Changes in mRNA stability provide a second mechanism for regulating the levels of receptor expression in tissues. The preovulatory surge in LH decreases levels of ERβ mRNA in granulosa cells of rat preovulatory follicles. This decrease in ERβ mRNA is due to a decrease in the half-life of the message from approximately 18 to 5 hours, rather than a decrease in transcription of the ERβ gene. Moreover, the LH-induced decline in steady-state levels of ERβ mRNA is mimicked by forskolin, indicating that LH signaling occurs through the activation of adenylyl cyclase and the generation of cyclic adenosine monophosphate (cAMP).

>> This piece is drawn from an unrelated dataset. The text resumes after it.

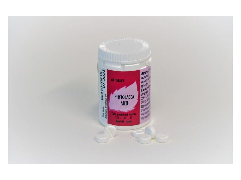 Složení: 1 tableta obsahuje 99 pg Phytolacca decandra (líčidlo obecné), protispékavá látka - magnesii stearat 0,0028 g, monohydrát laktózy 0,136 g a rýžový škrob 0,012 g – součást tablety.
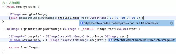 雖然ARC幫助開發者管理了大部分的內存問題。但像CGImageRef等C系列的代碼還需要開發者管理內存。這些內存問題在編譯過程中很難發現,但使用Analyze可以給出相應的提示。圖示如下:

Interestingly, a similar effect was also seen with the protein kinase C (PKC) activator phorbol myristoyl acetate (PMA). The stability of ERα mRNA is also regulated in the Michigan Cancer Foundation-7 (MCF-7) breast cancer cell immortalized line. In these cells, 17β-estradiol decreases the half-life of ERα mRNA from 4 hours to 40 minutes by increasing the ribonuclease activity associated with polyribosomes. In contrast, 17β-estradiol upregulates ERα mRNA in the endometrium by selectively increasing message half-life from 9 to 24 hours. These studies demonstrate hormone- and tissue-specific effects on the stability of steroid receptor mRNA.
Another well-established mechanism for steroid receptor regulation occurs at the protein level. Treatment with a given steroid generally results in a time-dependent decrease in the level of its cognate receptor in a process called homologous downregulation. Accordingly, a decrease in receptor levels usually results in desensitization to subsequent treatment with the same steroid. Receptor degradation occurs by targeting of the receptor into the ubiquitin–proteasome pathway. The effects of proteasome inhibition on steroid hormone action clearly need further study because there are paradoxical effects on receptor levels and receptor function. Whereas GR accumulation by proteasome inhibition leads to increased transcriptional activity of the receptor, proteasome inhibition of ER and PR degradation results in a decrease in hormone-induced transcription. In sum, regulation of steroid receptor expression occurs at multiple levels from gene transcription to mRNA stability to degradation of the mature protein ( Fig. 5.5 ).